Pepin is really happy with the show and very proud of it. Not only is this the first TV show that is centred around her, but she did writing and research and “worked on all aspects of the production” so she feels that “this project is really kind of my baby.”

At an hour an episode, it’s a bit long. I wonder if it might not have been better as a half-hour series. But for a show on Évasion, the length makes more sense.

If you like the idea of following someone charismatic and funny as she takes a trip through a foreign land, then this is a good show for you.

Pepin said her experience on Only in Montreal helped her build experience that was useful for this series. “We were doing so much and writing the stories and directing them. That definitely prepared me for the Évasion project.”
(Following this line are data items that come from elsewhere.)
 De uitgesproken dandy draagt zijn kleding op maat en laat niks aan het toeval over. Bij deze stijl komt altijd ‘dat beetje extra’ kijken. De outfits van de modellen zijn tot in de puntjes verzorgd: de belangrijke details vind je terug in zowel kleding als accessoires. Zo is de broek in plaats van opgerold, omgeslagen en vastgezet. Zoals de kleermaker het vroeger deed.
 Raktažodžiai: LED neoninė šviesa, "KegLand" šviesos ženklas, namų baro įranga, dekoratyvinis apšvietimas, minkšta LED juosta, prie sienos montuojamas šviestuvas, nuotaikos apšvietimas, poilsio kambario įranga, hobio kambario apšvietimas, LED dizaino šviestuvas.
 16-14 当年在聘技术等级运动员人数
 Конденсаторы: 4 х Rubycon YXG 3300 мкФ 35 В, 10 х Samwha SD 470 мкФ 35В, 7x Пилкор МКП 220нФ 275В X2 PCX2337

Plus, she said, it helped her discover Montreal as a traveller.

Thorough online guide

The website, which until Wednesday was a place to offer suggestions and keep updated on her progress, has been replaced with a completely different one that includes stories, photos, video capsules and other information from her experiences. A post about the first episode is online, and others will be added over the next 13 weeks.
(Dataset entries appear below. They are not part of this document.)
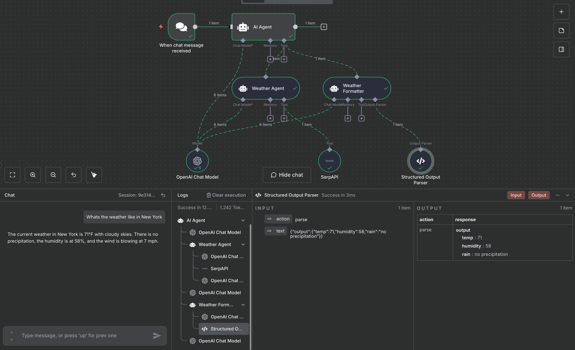 Take note the agent for structured output doesnt really make a difference in this example, but it shows that you can get multiple sub agents to get called
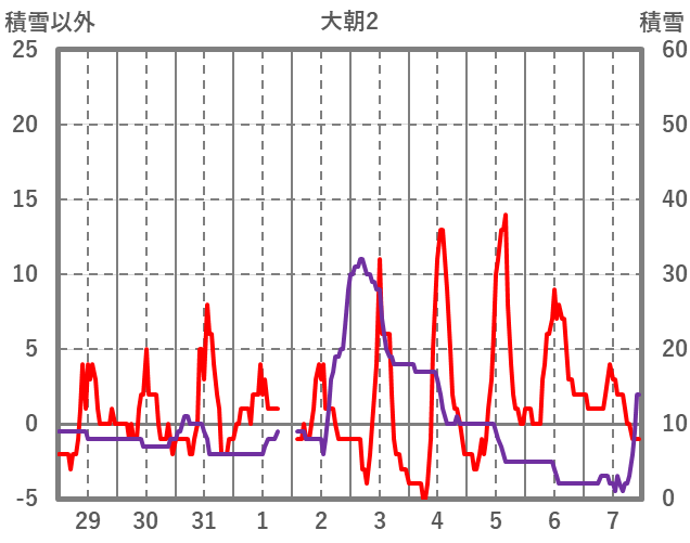 | 日 | 時 | 気温 | 降水 | 風向/風速 | 日照 | 積雪 | 降雪 |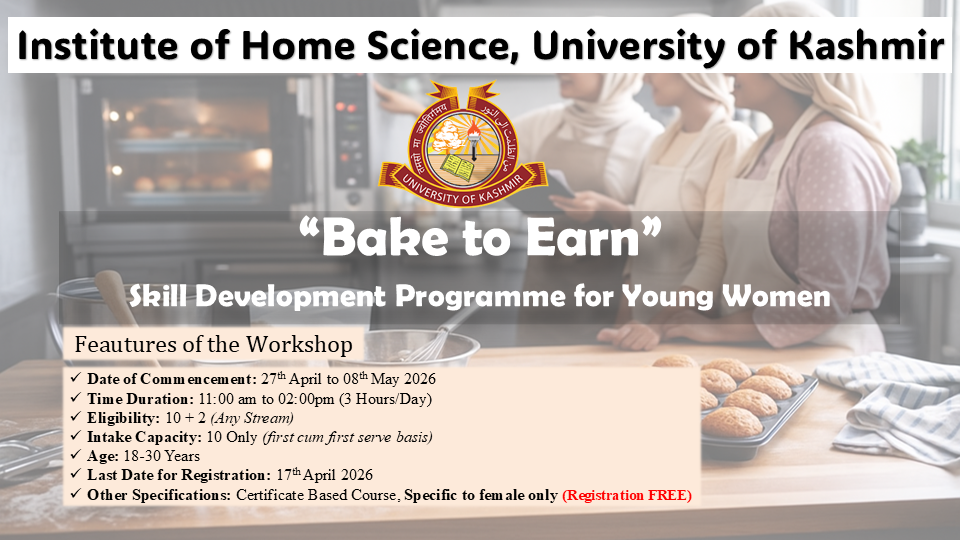 Established in the Year 1982, the Institute is actively involved in Teaching, Research and Extension activities. It has active academic and research collaborations with SKIMS, GMC, SKUAST and other Departments of the University. It has already conducted research on issues like Women Empowerment, Domestic violence against women, Nutritional Status of the Adolescent girls, Pregnant Women and Menopausal Women, Assessment of ICDS Programmes, Growth and Development of Children, Feeding Practices amongst Infants etc. The Institute has started campus placement and is involved in Gender Sensitization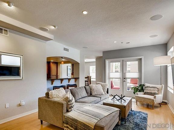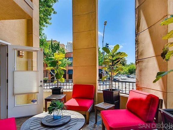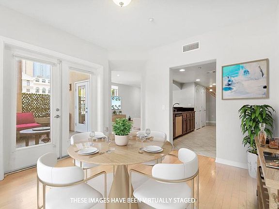 Welcome to luxurious downtown living at its finest in this remarkable City Walk ground level townhome in the highly sought after Marina District neighborhood. Unique to Downtown and the City Walk building this rarely available corner townhome has a separate walkup street level entrance, transcending urban living. This dual primary bedroom residence boasts over 1,680 square feet of living space, offering the comfort and spaciousness of a single-family home right in the heart of the city. Pride of ownership is evident throughout, with light real hardwood flooring throughout the entire property, an open floor plan layout, great natural lighting, newer paint and upgraded professional built in sound system with ceiling speakers and a Samsung tv included with separate theatre sound system. The townhome boasts an oversized hard to find corner exterior private patio that offers a perfect setting for delightful outdoor evenings, entertaining guests and great city views surround you. The patio brings the interior and outside patio perfectly with large french doors. The open kitchen features granite countertops, some recently updated stainless steel appliance and custom cabinetry with pull-out shelves for effortless organization. An adjacent dining space off the kitchen/living room and a powder room barthroom enhance the home’s potential for seamless hosting and daily living. Both bedrooms feature tall ceilings and spacious ensuite bathrooms adorned with stone surfaces and newly updated toilets throughout the home. The primary bedroom includes a large walk-in closet and extends its charm with its own private balcony with city views. Two private parking spaces in a tandem setting also come with this property. City Walk amenities include a fitness center, bbq area, beautifully maintained landscaped courtyards, providing a tranquil retreat amidst the vibrant downtown setting. Enjoy easy access steps out of your front door to amazing dining, shopping, and entertainment options steps away. This unique opportunity redefines downtown city living with unparalleled convenience and comfort that is not your cookie cutter downtown condo. Enjoy the sophistication and spaciousness of this City Walk townhome—schedule your private showing today and discover the allure of downtown living reimagined.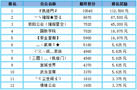 3.所展示的现金奖励不包含税金,发放奖励时将扣除获奖公会20%的个人所得税。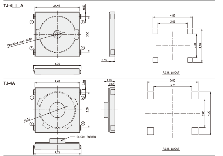 使用壽命:260/200gf 500000cycles, 160/100gf 1000000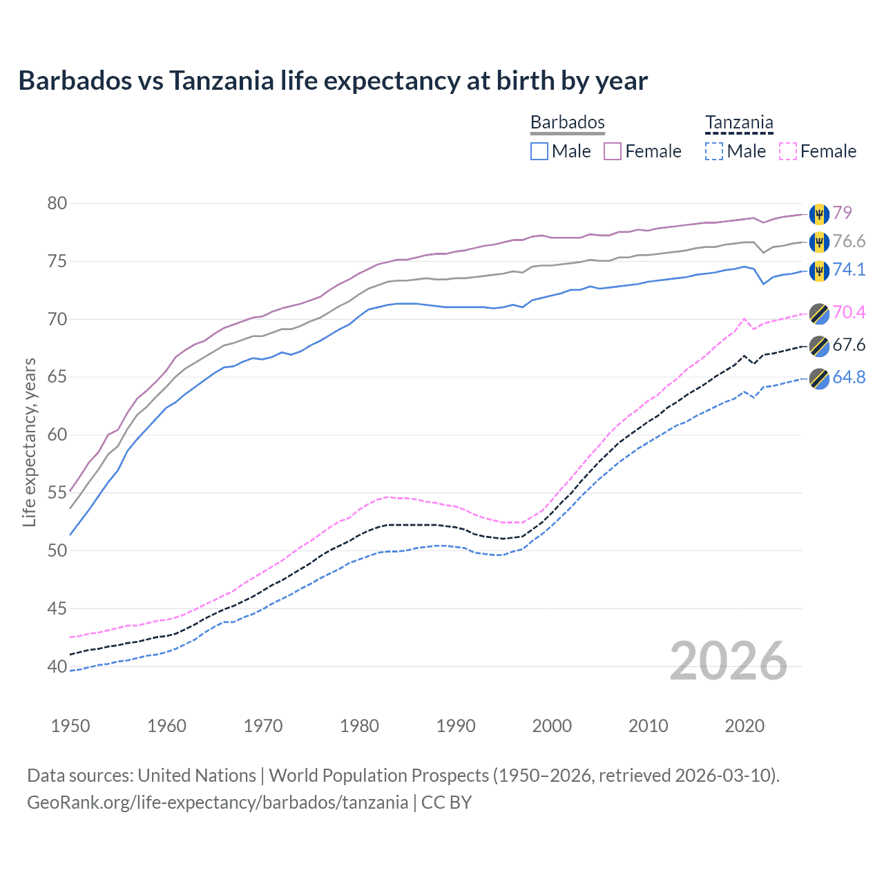 The average life expectancy at birth is 76.6 years in Barbados vs 67.6 in Tanzania. Barbados is ranked 77/197 by life expectancy, and Tanzania is 155/197. In Barbados, the life expectancy is 74.1 years for males and 79 years for females. In Tanzania, it's 64.8 years for males and 70.4 years for females.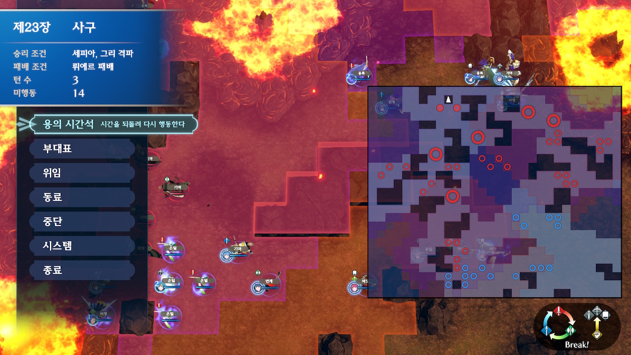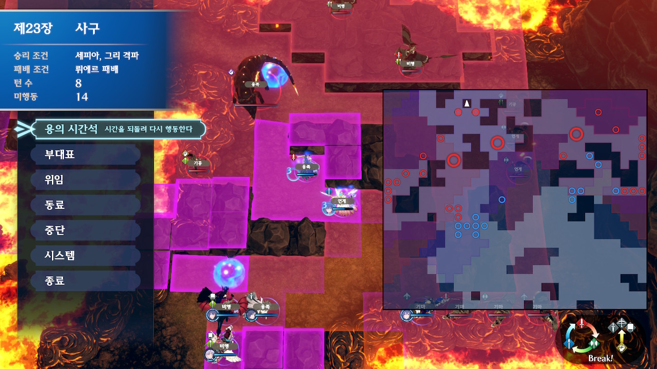 고립된 아군이 근처에 있다면 다음턴에 비명횡사 할 수 있으니, 저 부근에서는 진형을 갖추고 전진해야 합니다.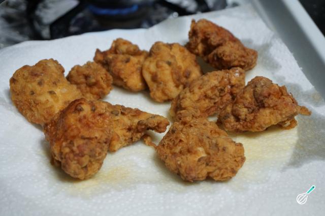 Coloque em um prato algumas folhas de papel de cozinha e adicione os pedaços de frango ao retirar do óleo, para que absorva o excesso de óleo que soltar.

The posts include her thoughts about the episode, portraits (video or text) of the people she met, details about her fashion of the day, tips on using technology while travelling, tips on where to go and what to see in that area, and even the soundtrack of that episode. Pepin said it was important to her that she include Montreal bands in her show “because elevator music in TV shows annoys the crap out of me. We did our best to have a good soundtrack, which was a challenge due to mu$ic rights.”
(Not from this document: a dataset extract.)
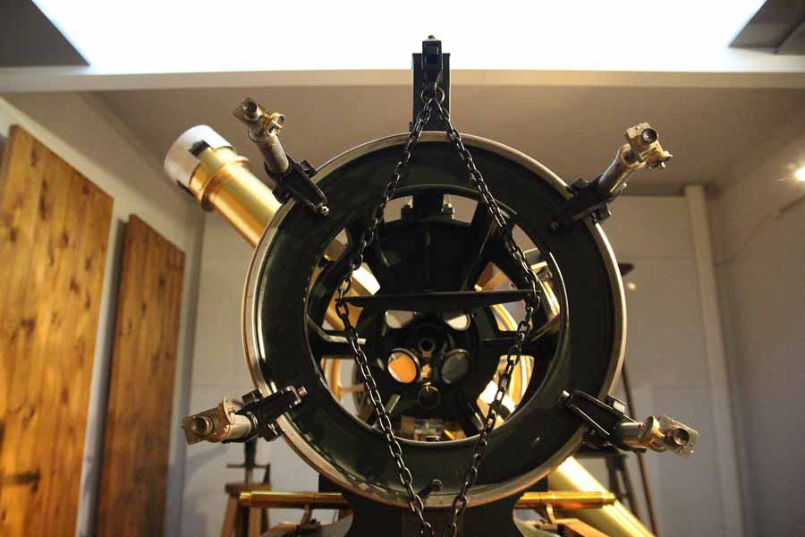 Am dritten Tag wurde erst einmal tagsüber Berlin besichtigt, da wir erst abends einen Termin bei der Wilhelm-Foerster-Sternwarte sowie dem Planetarium am Insulaner hatten. Aufgrund des schönen Wetters wurde eine Schiffstour unternommen und Regenschirme entfremdet, da die Sonne erbarmungslos brannte. Ohne Sonnenbrände erreichten wir am Nachmittag die Hackeschen Höfe, die Zeit zum relaxen boten. Vor dem nächsten astronomischen Event ließen wir es uns noch in einem Biergarten gutgehen, bevor es zur Abendvorstellung "Flieg mich zum Mond" des großen Planetariums am Insulaner ging, das immerhin 300 Sitzplätze anbietet. Der Projektor konnte diverse Effekte an die Decke zaubern, was musikalisch eindrucksvoll untermalt wurde. So drangen wir beispielsweise in den Rosetten-Nebel komplett ein oder schwebten mit der ISS über die Erdoberfläche im Weltraum. Nach diesem stimmungsvollen Programm, waren wir eingestimmt auf die anschließende Mitternachtsführung der Wilhelm-Foerster-Sternwarte. Sie beherbergt u.a. den Bamberg-Refraktor aus dem Jahr 1889 mit einer Öffnung von 314 mm und einer Brennweite von 5 m. Wir durften durch den Refraktor den Saturn und den Kugelsternhaufen M13 betrachten. Beide Objekte wurden mit 280facher Vergrößerung dargestellt, was aufgrund der Luftunruhen die maximal mögliche Vergrößerung darstellte. Dies bildete einen schönen Abschluss eines wiederum recht ereignisreichen Tages.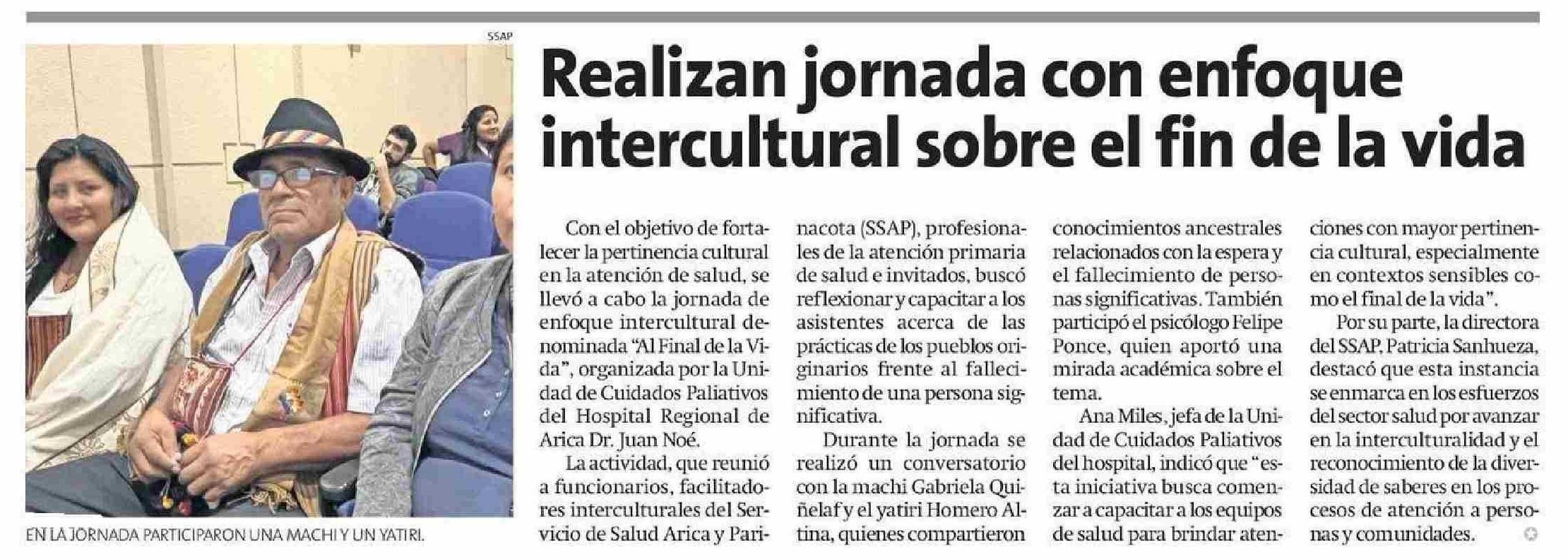 Realizan jornada con enfoque intercultural sobre el fin de la vida 19-05-2025 La Estrella de Arica |

Yeah, she spelled music with a dollar sign.

Including local music is a nice touch that adds to the quality of the series.

The future

For the first time in a while, Pepin doesn’t have anything lined up. She’s working on some ideas to pitch, but after she’s done writing up all her experiences for the show’s website, she’ll be a free agent again.

Both Pepin and producer Huysmans said they’d love to do a second season of the show or some other collaboration in the future. Pepin said she’d like to go somewhere less touristy, where people don’t expect social media to be quite as active. Practical considerations mean that it would probably need to be a country where English or French is the spoken language.

“If my career stays in Quebec, I really want to keep working in French and in English,” she said. Only in Montreal “was my first real experience working for an anglo production company.”

But nothing’s on the table yet. How well this show is received will probably be a big factor in whether they decide to try this experiment again.

Sadly, there’s no way to watch the show online. “There’s one disappointment I have with this show and that it’s not available online,” Pepin said.

Tamy @ Royaume-Uni runs Thursdays at 8pm on Évasion, starting March 13. It repeats Friday at midnight and 8am, and Saturday at 9am and 6pm. For more information, visit tamy.urbania.ca or the show’s website on Évasion.

Further reading

Huffington Post Québec also has a story about Pepin’s new show.

UPDATE (June 19): The series has been nominated for three Gémeaux awards.

5 thoughts on “Tamy Emma Pepin’s bilingual trip through the UK

  1. Dilbert

    A TV show that could likely never happen on English local TV in Montreal… too much personality for the very bland nature of anglo TV.

    Reply
    1. Fagstein Post author

      A TV show that could likely never happen on English local TV in Montreal

      Or French, I imagine. There isn’t anything about this show that should restrict it to a local audience.

      Reply
  2. Vicky

    I was the last minute replacement in Newcastle that Tamy mentions in the Huffington Post article (my French non-existent, so thank you Google Translate): it was a fascinating experience and I’m hoping I get a chance to see series (aside from terror at how my 2 seconds on TV might look) from outside Canada! There’s been a similar concept done here in the UK (Ross Noble’s Freewheeling), but given it was a comedian doing it in his native country it had a very different feel.